Presentation on theme: "Publishing Data Catherine Jones Library Systems Development Manager, STFC Rutherford Appleton Laboratory CLADDIER workshop, Chilworth, Southampton, UK."— Presentation transcript:
Publishing Data Catherine Jones Library Systems Development Manager, STFC Rutherford Appleton Laboratory CLADDIER workshop, Chilworth, Southampton, UK 15 th May 2007
Contents Set the scene Definition of publication Complexities Making data permanently available Quality control User requirements Issues
Microsofts Science 2020 Report Modern scientific communication relies on both journals and databases. At present these are not integrated. By 2020 mutual linking will be commonplace and publications just containing peer-reviewed data will become available. http://research.microsoft.com/towards2020science/downloads.htm
Publication concept In this context publication is defined as the process through which data is fixed and made retrievable over the long term, and may imply that there has been some quality control process.
Complexities of Data These all show the same data at different levels of processing.

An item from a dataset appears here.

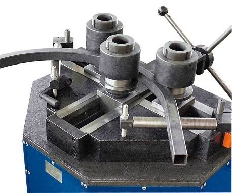 Zakružovačka profilů s proměnlivou roztečí kladek - vynikající univerzálnost a široké možnosti použití. Posunutím samostatně přestavitelných bočních kladek se zvyšují možnosti.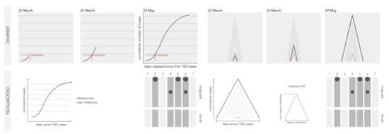 We explore two chart idioms for designing to the seven DatRs: line and ridge contour charts (Figure 4). The line chart requires little explanation. DatR5 time elapsed, the number of days since the first 100 cases was recorded, is encoded along the horizontal axis; the cumulative number of daily cases (DatR2) is encoded along the vertical axis; and a line connecting daily cumulative case counts is drawn in temporal order. The chart can be static and display the full case history (DatR6) or designed to animate over the cases data, as demonstrated via the frames in Figure 4. The ridge contour charts attempt to encode loosely the same data properties as the lines. They were proposed as an abstraction for emphasising comparison across particular aspects of our Data Requirements. For example, whilst line charts are the ‘obvious‘ approach to encoding the full temporal trajectory of the virus, comparison of absolute (DatR2) and relative (DatR3) case counts or emphasising particular milestones in the disease trajectory (DatR6 case history) is also important. There is precedent in cartography for using ridge symbolisation for encoding quantities [35] and the different ridge shapes that result from varying ridge width and height according to separate data items—thin and short, thin and tall, short and wide, tall and wide—might provide convenient visual short-hands. In our ridge charts, linear time varies along the horizontal axis and frequency along the vertical. Rather than a single line connecting points in temporal order, a separate line is drawn for each frame (release of cases data), similar to the ‘lockdown’ annotation in the line chart, but connecting positions on the horizontal and vertical axes to contrive a triangle or ridge shape. Case history is therefore encoded via animating over the ‘current’ frame, which is made bold and also through the case milestones that persist through the animation. The case milestones are a form of visual benchmark used frequently in cartographic contexts [36], and appear at regular intervals—every 1000 cases in this instance. Milestones located close together imply a fast rate of change (DatR5) and milestones further apart imply a slow rate of change; it is for this reason that we name them contours.

Making data permanently available Three areas: 1.Defining what is to be kept: encapsulation 2.Ensuring that it is described effectively: metadata 3.Identifying who is responsible for the data management: trusted repository
Encapsulation A method of identifying a fixed collection of meaningful data so that it can be preserved as a clearly defined unchanging entity. Datasets which are still growing Versions of datasets Format translations
Metadata Needs to be created to ensure that the data is usable now and over the long term. Semantic encapsulation is important as this is likely to be used in citation.
Trusted repository To ensure that the data is available over the long term, the Data Centre needs to be on a secure footing and well managed.
Quality Control Usability of the dataset. This is one of the roles of the Data Centres. Usefulness of the dataset. This is the role of domain experts.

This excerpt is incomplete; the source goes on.